これら三句から、一茶のふるさと観が伝わってきます。ふるさとはあこがれの地であり、面倒ないざこざだらけの地であり、そして終には骨を埋める終焉の地でもあるのです。

 私たちが抱く「ふるさと」観に含まれる基本的な三つの特徴を一茶は経年的に見事に表現しています。夢、現実、諦念とも呼べるようなふるさとへの思い入れが表現され、正に生活の中の「ふるさと」が巧みに切り取られているのです。

*一茶の句でも「故郷」、「古里」の表記のどちらも使われているようです。俳句では「ふるさと」、「古里」、「故郷」のどれもが使われています。

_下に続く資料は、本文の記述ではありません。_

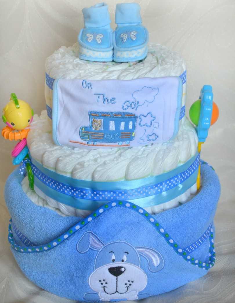 Кстати, трубочки можно делать не только из подгузников, но и из маленьких полотенец, пеленок, детских вещей, а можно и вовсе для составления ряда использовать небольшие детские игрушки. Таким образом часто оформляют один из ярусов (обычно верхний, небольшой).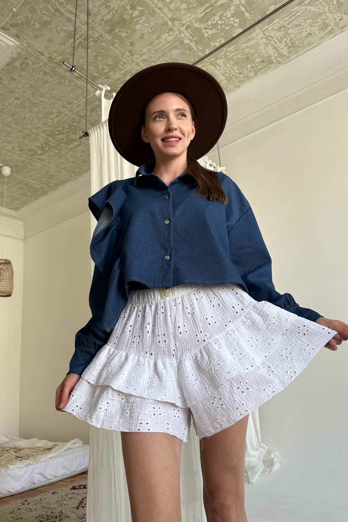 Все изделия имеют безупречный пошив и идеальную посадку. Элегантные шортами из хлопка с кружевом. Свободный крой шорт не стесняет ваши движения, шорты без карманов (высокая посадка, на мягкой резинке, ручной работы) не давят. Шорты идеально садится на любой тип фигуры.

  信濃国柏原は今の信濃町柏原ですが、そこに生まれた一茶はいつも孤独でした。3歳で実母を失い、代わりにやってきた継母とはうまくいかず、15歳で柏原の生家を追われ、江戸で奉公することになります。一茶は52歳になって、ようやく妻や子どもと一緒に暮らすことになりました。でも、その幸せも束の間、あいつぐ妻子との死別により、独りぼっちになります。ふるさとからも家からも閉め出された形の一茶の孤独は、現代人のもつ孤独とよく似ています。

 柏原は門徒の多い土地柄でした。一茶の家も代々真宗門徒で、両親も敬虔な門徒でした。親鸞が説く「自然法爾(じねんほうに)」は「あるがまま」を肯定することで、人為を超えた阿弥陀仏の力に一切の救済を任せ、他力本願で生きていくことです。門徒としての一茶の句には親鸞の他力本願の教えが色濃く滲み出ています。